Available data:
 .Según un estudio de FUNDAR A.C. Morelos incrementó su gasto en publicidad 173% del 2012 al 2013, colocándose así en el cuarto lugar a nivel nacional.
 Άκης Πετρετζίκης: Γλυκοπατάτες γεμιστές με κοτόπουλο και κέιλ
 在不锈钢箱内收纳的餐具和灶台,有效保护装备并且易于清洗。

...

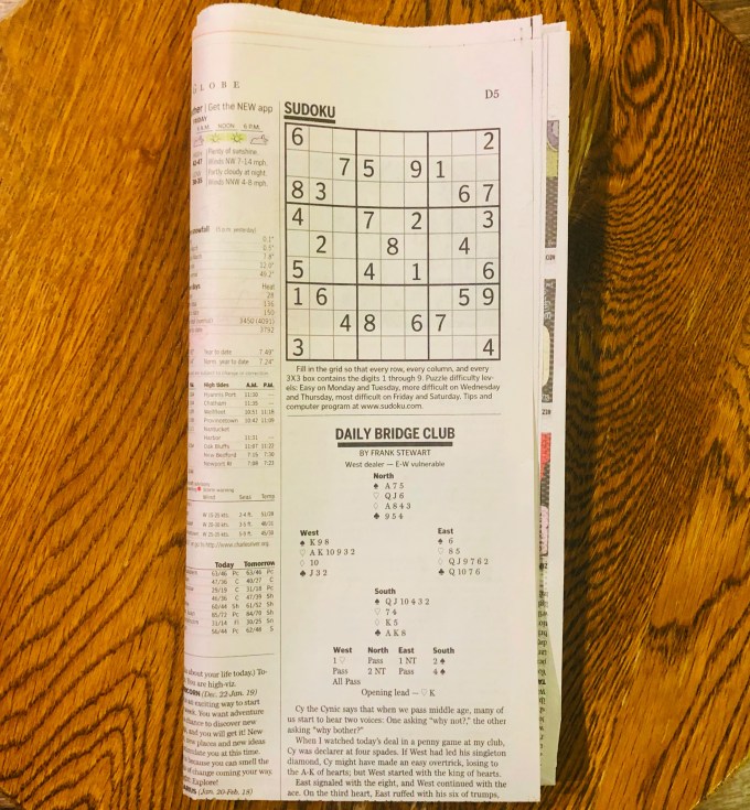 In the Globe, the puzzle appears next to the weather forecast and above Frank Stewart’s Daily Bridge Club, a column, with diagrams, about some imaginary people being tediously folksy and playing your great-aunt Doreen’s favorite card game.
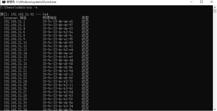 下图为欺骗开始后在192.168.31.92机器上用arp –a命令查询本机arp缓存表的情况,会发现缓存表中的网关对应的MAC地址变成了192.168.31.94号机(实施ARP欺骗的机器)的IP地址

Exercise aim: One stretch of the lines above is wanted, from the line that contains "Άκης Πετρετζίκης: Γλυκοπατάτες" through the line that contains "在不锈钢箱内收纳的餐具和灶台,有效保护装备并且易于清洗。". Output it exactly.

Completed task:
 Άκης Πετρετζίκης: Γλυκοπατάτες γεμιστές με κοτόπουλο και κέιλ
 在不锈钢箱内收纳的餐具和灶台,有效保护装备并且易于清洗。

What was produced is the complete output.